Hi all, since updating to rancher 2.12 the UI som...
# general
s
Hi all, since updating to rancher 2.12 the UI sometimes hangs on "Loading" forever when selecting "pods" or other resources. Other times it does work. kubectl works as usual. Now it seems to have something to do with calico's tigera-operator as there are 1000+ tigera-operator pods in Evicted state. Also the deployment often says "deployment does not have minimum availabilty". Has anyone experienced the same and found a solution?
maybe calico runs out of IP's to hand out with so many evicted pods?
b
There's certainly IP addresses to consider if you're using a /24 (although,if you were, you'd have come across the problem long ago), but what about maximum pods per worker?

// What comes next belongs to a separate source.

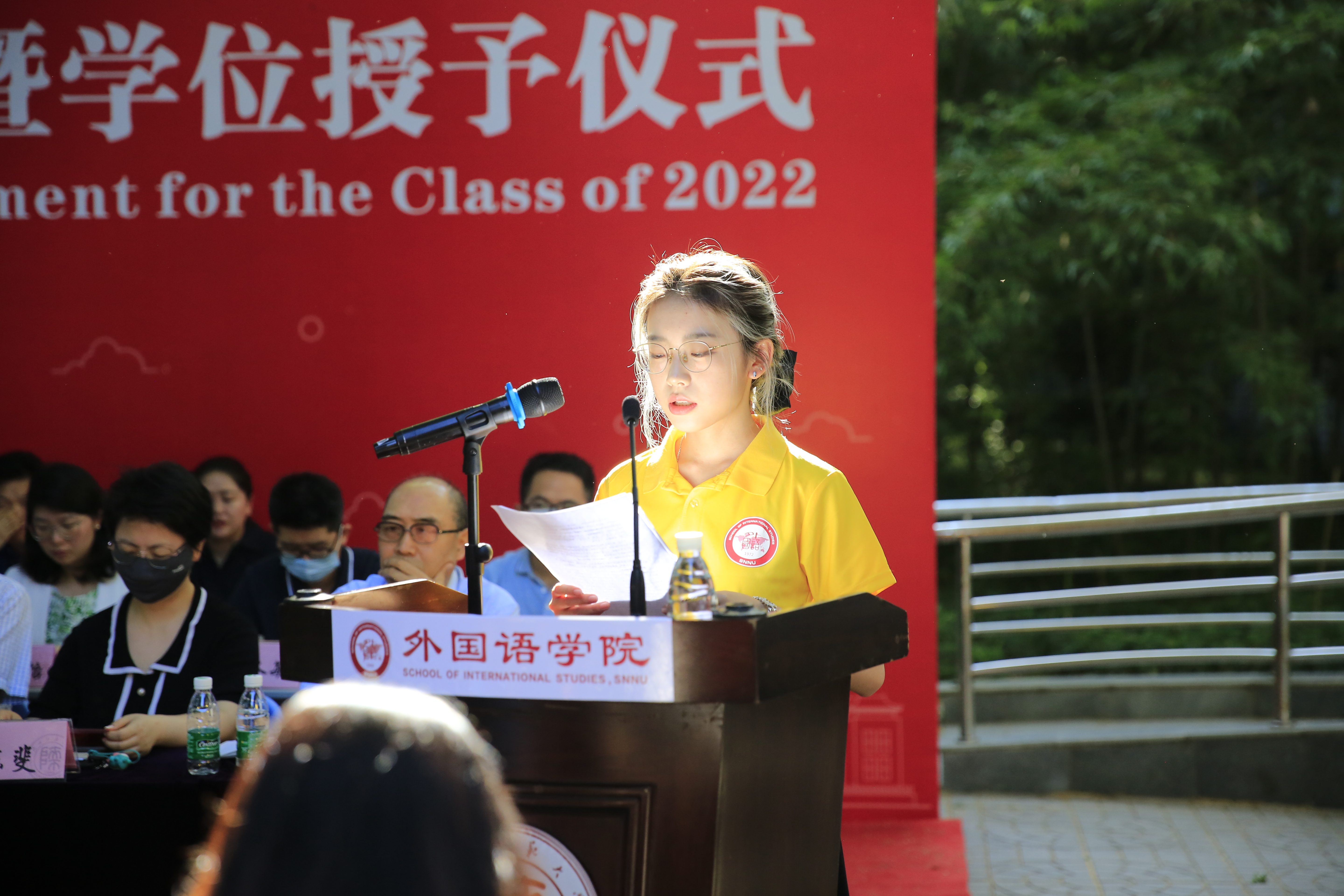 研究生代表、2019级俄语语言文学专业研究生张欣元在发言中回忆了自己在best365七年的青葱岁月,并表示将不断提高自身素质,承担起时代赋予这一代青年的重责,做有理想、有担当的外语人。

Could that be an issue for you?
s
apiVersion: crd.projectcalico.org/v1 kind: IPPool metadata: creationTimestamp: "2025-05-20T123958Z" generation: 1 labels: app.kubernetes.io/managed-by: tigera-operator name: default-ipv4-ippool resourceVersion: "1109" uid: e6b64a88-c974-4dcf-8a8b-a0830ad221c6 spec: allowedUses: - Workload - Tunnel blockSize: 26 cidr: 10.42.0.0/16 ipipMode: Never natOutgoing: true nodeSelector: all() vxlanMode: Always
this is the default IP pool
g
> as there are 1000+ tigera-operator pods in Evicted state
maybe calico runs out of IP's to hand out with so many evicted pods?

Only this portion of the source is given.